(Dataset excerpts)
* * * * * * * * *
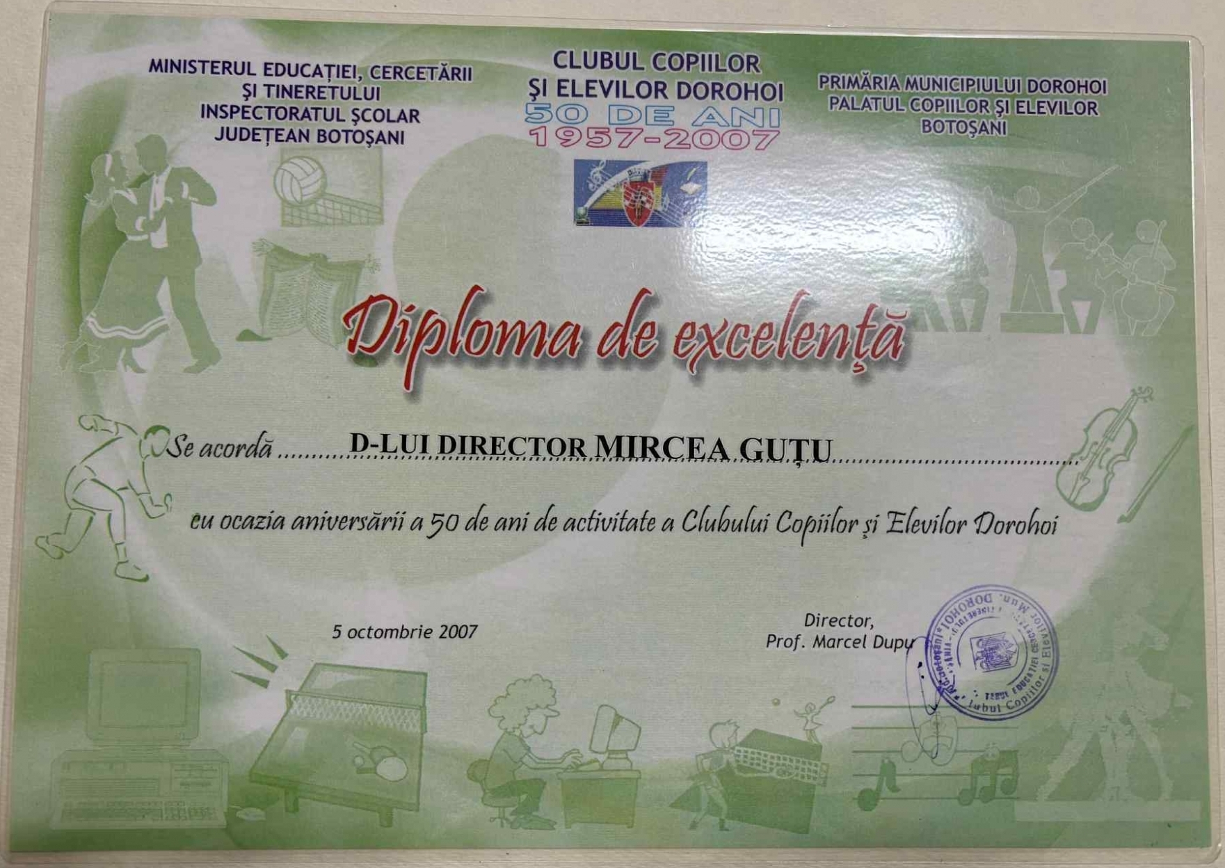 Ministerul Educației,cercetării și tineretului, Inspectorul școlar județean Botoșani. Clubul copiilor și elevilor Dorohoi. Primăria municipiului Dorohoi. Palatul copiilor și elevilor Botoșani acordă Diplomă de excelență directorului Școlii de muzică Edineț - Guțu Mircea R și elevilor Dorohoi. Documentul este imprimat pe o filă . Este semnătura Directorului Prof. Marcel Dupu și ștampila rotundă (cu cerneală violetă) a Clubului copiilor și Elevilor Dorohoi. În partea de sus centru a diplomei este emblema Clubul Copiilor și Elevilor Dorohoi; 50 ani; 1957-2007.
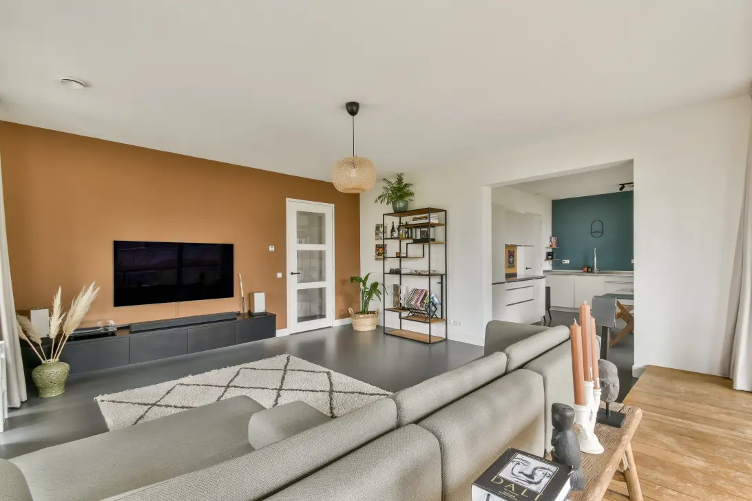 De royale woonkamer heeft een speelse indeling door het lichte niveauverschil en grote, verdiepingshoge ramen met meerdere balkondeuren en een schuifpui. Zodra je deze opent, lopen de woonkamer en het grote, overdekte terras (43 m²) naadloos in elkaar over – perfect voor lange zomeravonden en etentjes buiten. De moderne, halfopen woonkeuken biedt volop werk- en bergruimte en grenst aan een handige bergkast met wasmachineaansluiting.
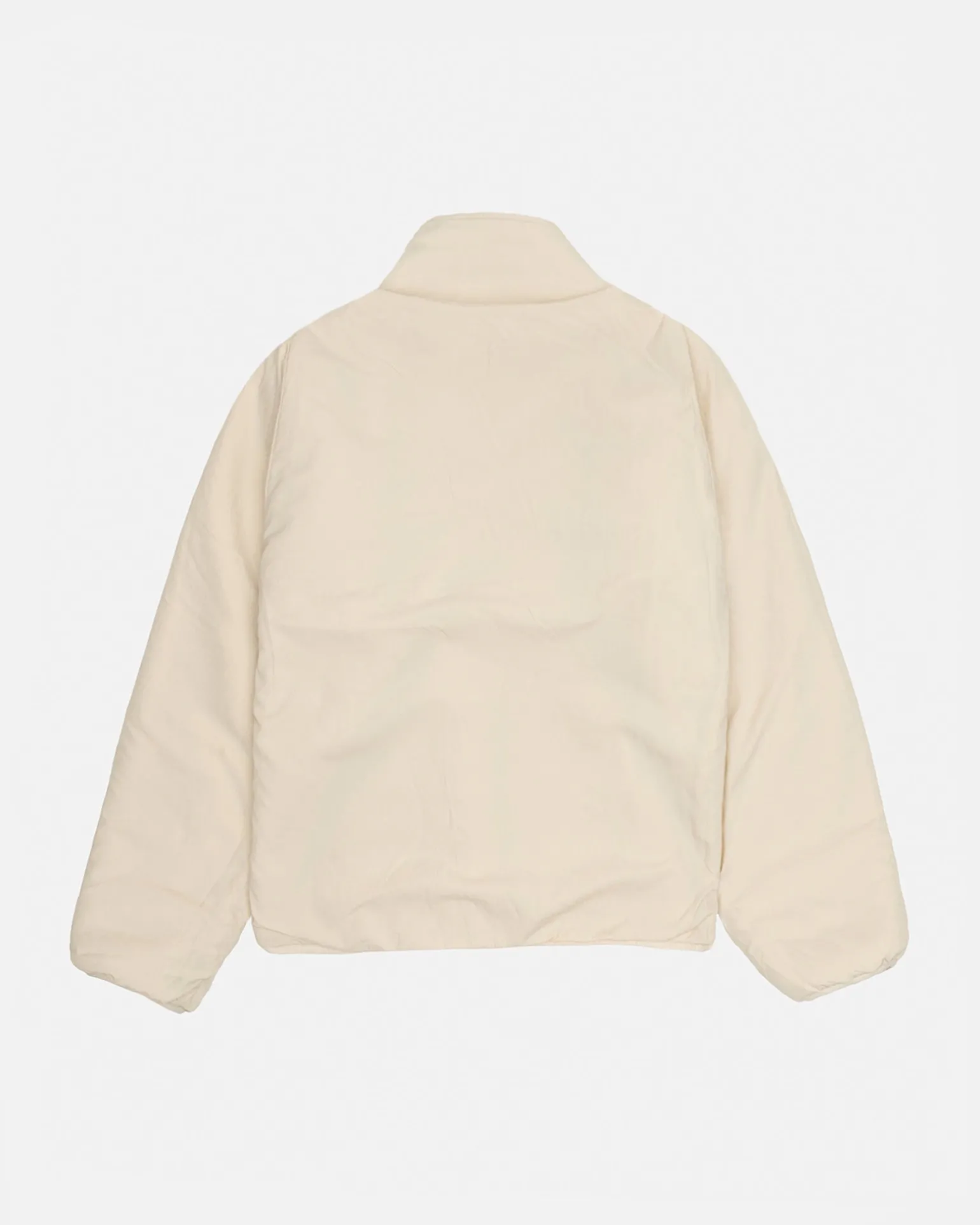 Klassisch geschnittene Wendejacke. Außenseite aus Sherpa-Fleece mit Reißverschluss, Nylontaschen und gesticktem Stüssy Stock Logo. Innenseite aus Nylon mit Leistentaschen und Stüssy Stock Logo auf der Brust.
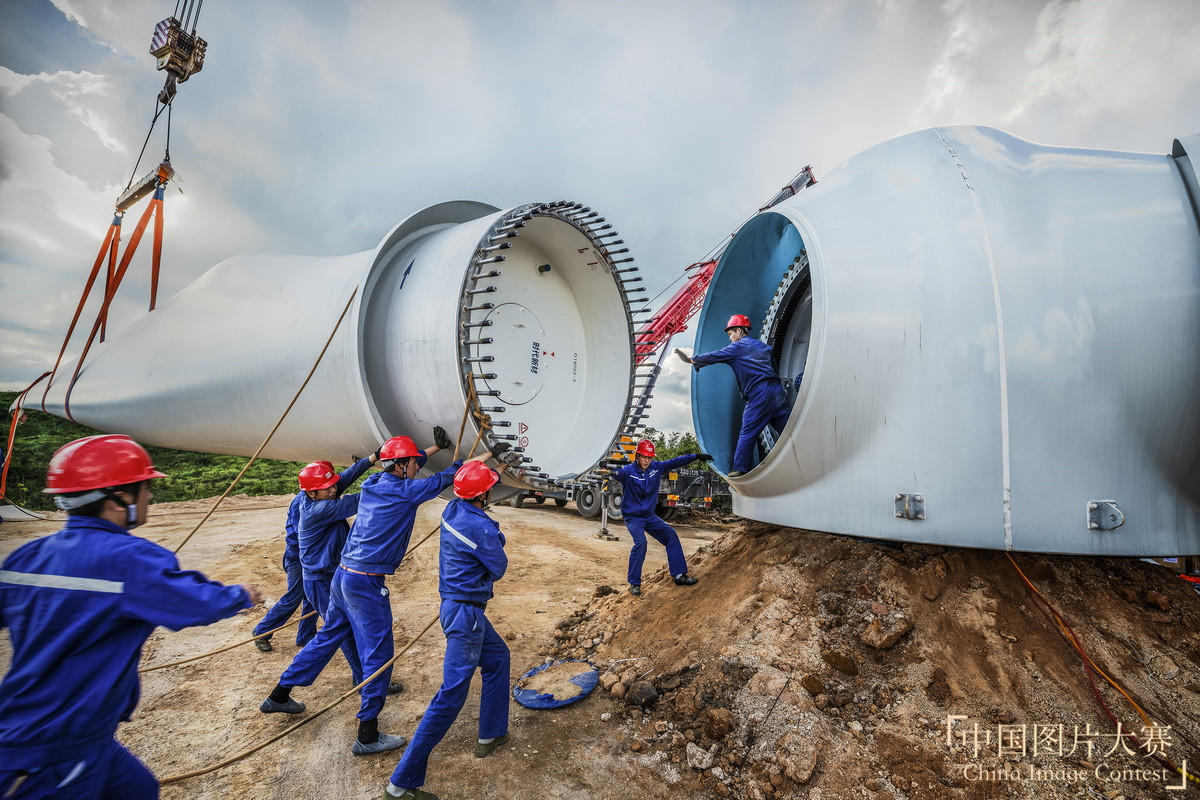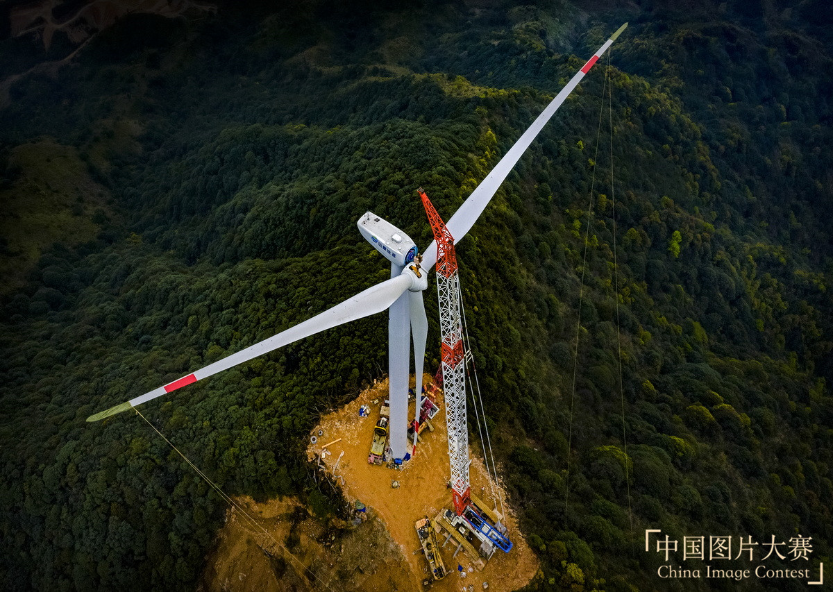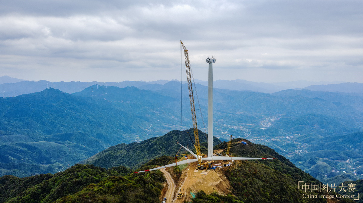 圖集說明:2018年6月6日,華電福建漳平紅尖山48.4兆瓦風電場風機安裝工程正式開工。全體參建員工克服南方山區寒風凜冽、霧氣彌漫、陰冷潮濕的不利條件,風餐露宿,日夜奮戰在海拔1800多米的高山之巔。
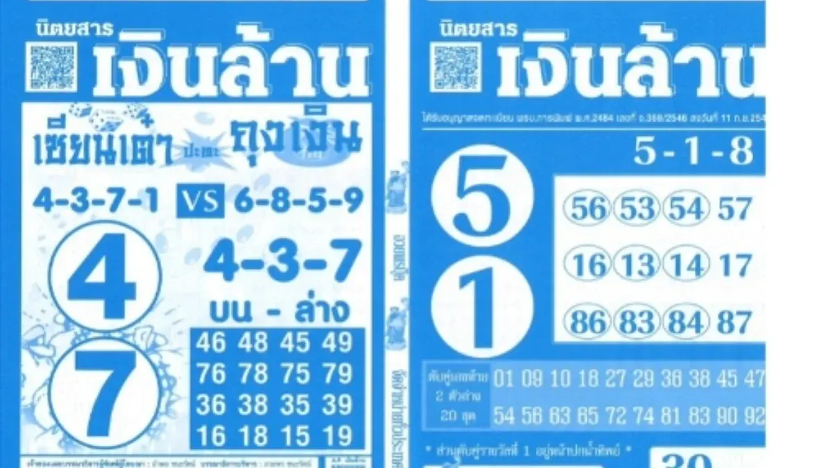 เลขเด็ดนิตยสารเงินล้าน งวด 1 มีนาคม 2569
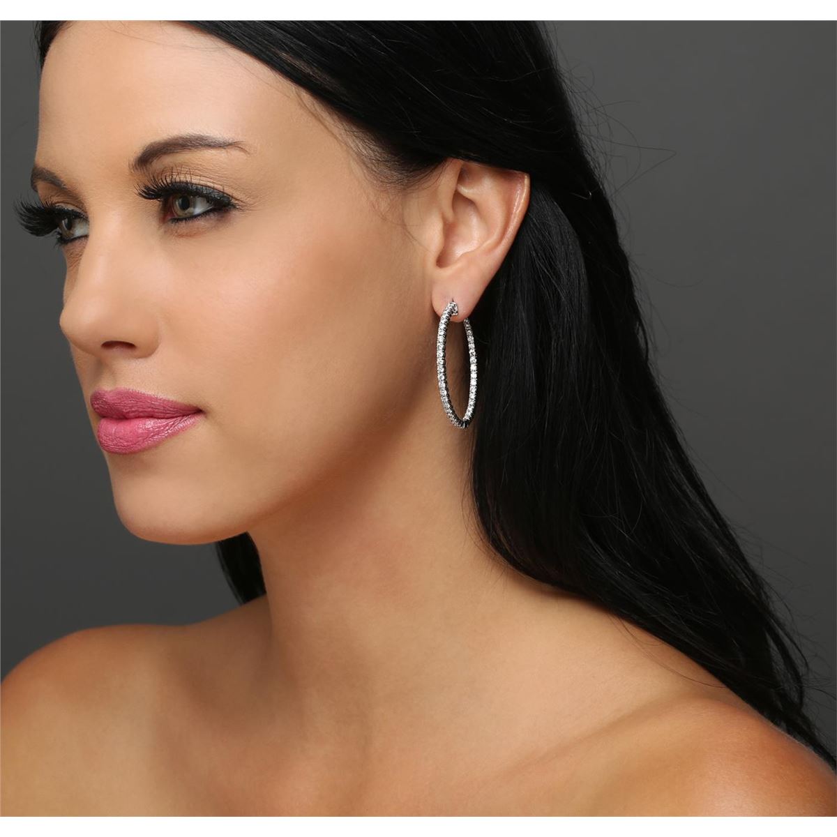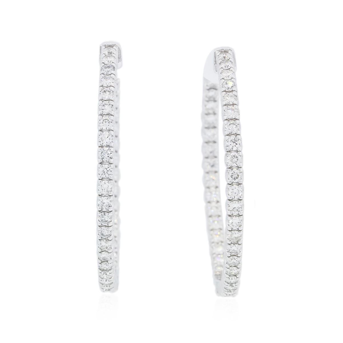 One pair electronically tested 14KT white gold ladies cast hoop earrings with hinged clip backs with a bright polish finish. Measurements: 1.50" in diameter Condition is new. Containing: Eighty prong set round brilliant cut diamonds, measuring 2.00 - 2.00 x 1.20mm (depth est.) approximate total weight of 80 Stones = 2.34ct. Clarity: SI-1 to I-1. Color: I - J, Cut is Good. All diamonds are graded in the mounting, unless otherwise stated. Total Weight of Diamonds 2.34ct. Total Weight of Earrings 14.80 grams. GGL Appraised at $11,080.00.
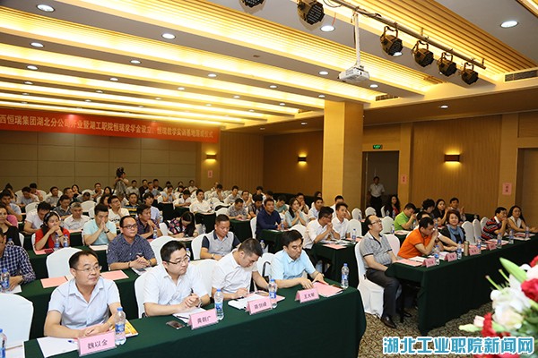 新闻网讯(通讯员严航)9月8日上午,陕西恒瑞集团湖北分公司开业暨湖北工业职业技术学院“恒瑞”奖学金设立、恒瑞教学实训基地落成仪式在武当国际酒店隆重举行。仪式邀请了陕鄂两地百余名建筑业、装饰业及新媒体业的行业翘楚参加。我院建筑工程系2014届优秀毕业生冯小兵主持开办了陕西恒瑞集团湖北分公司并担任总经理。
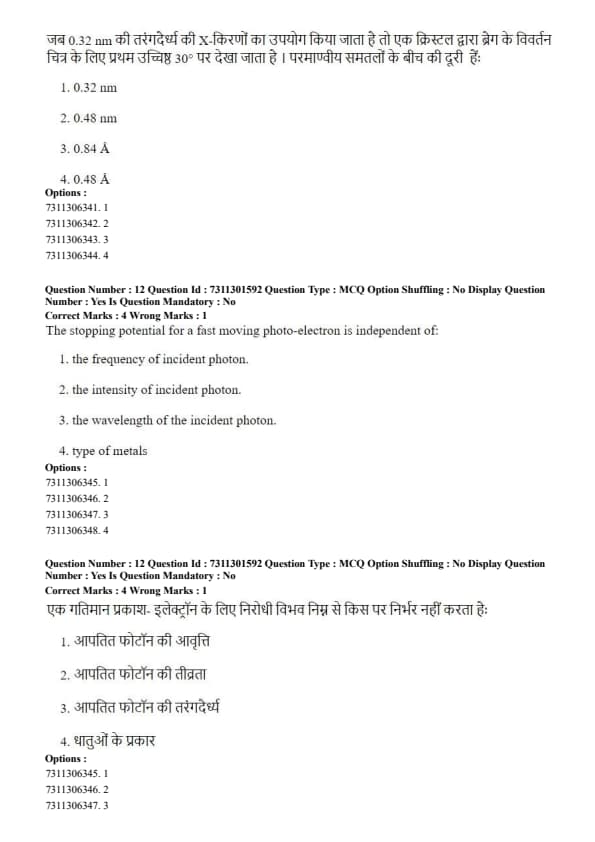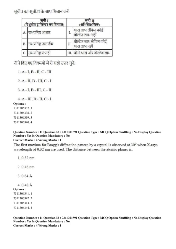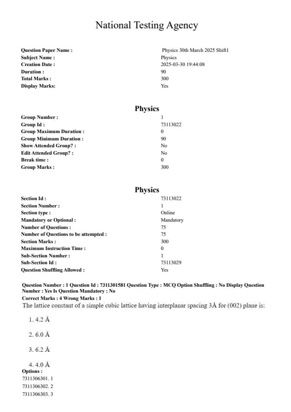 Thus, the lattice constant is \( 6.0 \, A° \). Quick Tip: For any cubic crystal system (Simple, BCC, or FCC), the formula for interplanar spacing \( d = a / \sqrt{h^2 + k^2 + l^2} \) remains the same. Memorizing this single formula is sufficient for all cubic lattice problems involving Miller indices and lattice parameters.
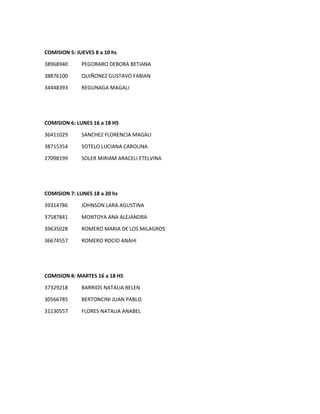 Este documento lista los estudiantes de la Carrera Técnico Superior de Laboratorio de la Filial Corrientes del Instituto Superior Cruz Roja Argentina asignados a 8 comisiones diferentes para su Práctica Profesional III en el Laboratorio de Análisis del Hospital Pediátrico Juan Pablo II, con los días y horarios de cada comisión.
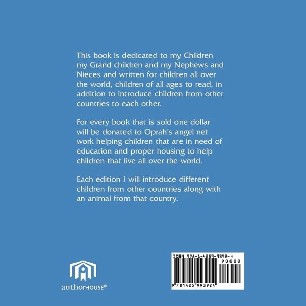 This book is dedicated to my Children my Grand children and my Nephews and Nieces and written for children all over the world, children of all ages to read, in addition to introduce children from other countries to each other. For every book that is sold one dollar will be donated to Oprah's angel net work helping children that are in need of education and proper housing to help children that live all over the world. Each edition I will introduce different children from other countries along with an animal from that country.
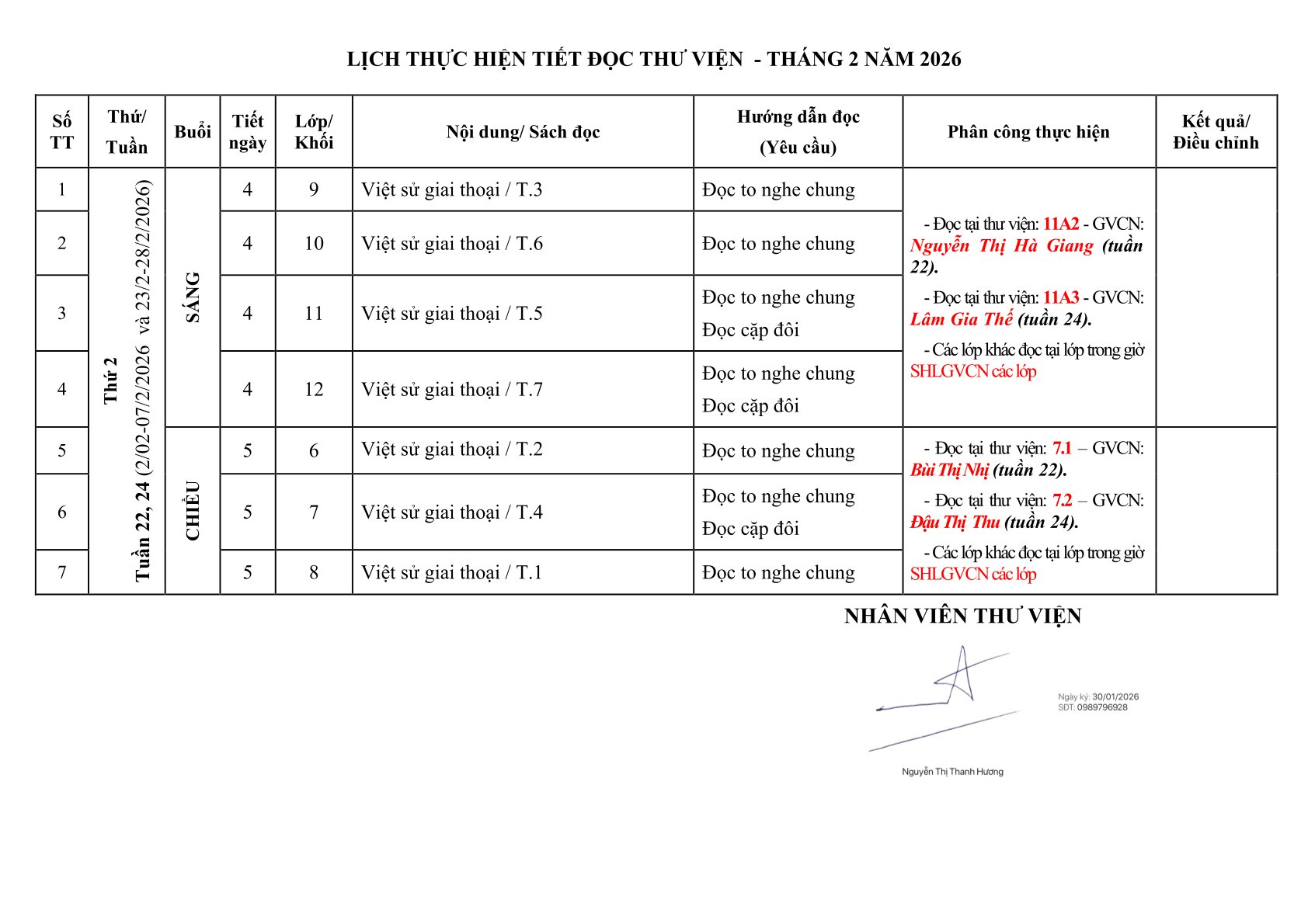 Lịch thực hiện tiết đọc thư viện, thháng 2 năm 2026
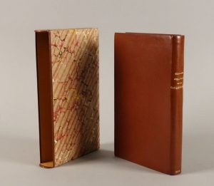 APOLLINAIRE Guillaume. Calligrammes. Poèmes de la Paix et de la Guerre. 1913-1916. Paris, Mercure de France, 15 avril 1918 ; in-8 reliure ancienne chagrin à grain écrasé marron, titre doré en forme circulaire sur le plat supérieur, dos lisse, non rogné, couverture et dos, étui.
* * * * * * * * *
Work to complete: Up to and including the line with "新闻网讯(通讯员严航)9月8", copy the data above from its first line. Skip pictures.

Answer box:
 Ministerul Educației,cercetării și tineretului, Inspectorul școlar județean Botoșani. Clubul copiilor și elevilor Dorohoi. Primăria municipiului Dorohoi. Palatul copiilor și elevilor Botoșani acordă Diplomă de excelență directorului Școlii de muzică Edineț - Guțu Mircea R și elevilor Dorohoi. Documentul este imprimat pe o filă . Este semnătura Directorului Prof. Marcel Dupu și ștampila rotundă (cu cerneală violetă) a Clubului copiilor și Elevilor Dorohoi. În partea de sus centru a diplomei este emblema Clubul Copiilor și Elevilor Dorohoi; 50 ani; 1957-2007.
 De royale woonkamer heeft een speelse indeling door het lichte niveauverschil en grote, verdiepingshoge ramen met meerdere balkondeuren en een schuifpui. Zodra je deze opent, lopen de woonkamer en het grote, overdekte terras (43 m²) naadloos in elkaar over – perfect voor lange zomeravonden en etentjes buiten. De moderne, halfopen woonkeuken biedt volop werk- en bergruimte en grenst aan een handige bergkast met wasmachineaansluiting.
 Klassisch geschnittene Wendejacke. Außenseite aus Sherpa-Fleece mit Reißverschluss, Nylontaschen und gesticktem Stüssy Stock Logo. Innenseite aus Nylon mit Leistentaschen und Stüssy Stock Logo auf der Brust.
 圖集說明:2018年6月6日,華電福建漳平紅尖山48.4兆瓦風電場風機安裝工程正式開工。全體參建員工克服南方山區寒風凜冽、霧氣彌漫、陰冷潮濕的不利條件,風餐露宿,日夜奮戰在海拔1800多米的高山之巔。
 เลขเด็ดนิตยสารเงินล้าน งวด 1 มีนาคม 2569
 One pair electronically tested 14KT white gold ladies cast hoop earrings with hinged clip backs with a bright polish finish. Measurements: 1.50" in diameter Condition is new. Containing: Eighty prong set round brilliant cut diamonds, measuring 2.00 - 2.00 x 1.20mm (depth est.) approximate total weight of 80 Stones = 2.34ct. Clarity: SI-1 to I-1. Color: I - J, Cut is Good. All diamonds are graded in the mounting, unless otherwise stated. Total Weight of Diamonds 2.34ct. Total Weight of Earrings 14.80 grams. GGL Appraised at $11,080.00.
 新闻网讯(通讯员严航)9月8日上午,陕西恒瑞集团湖北分公司开业暨湖北工业职业技术学院“恒瑞”奖学金设立、恒瑞教学实训基地落成仪式在武当国际酒店隆重举行。仪式邀请了陕鄂两地百余名建筑业、装饰业及新媒体业的行业翘楚参加。我院建筑工程系2014届优秀毕业生冯小兵主持开办了陕西恒瑞集团湖北分公司并担任总经理。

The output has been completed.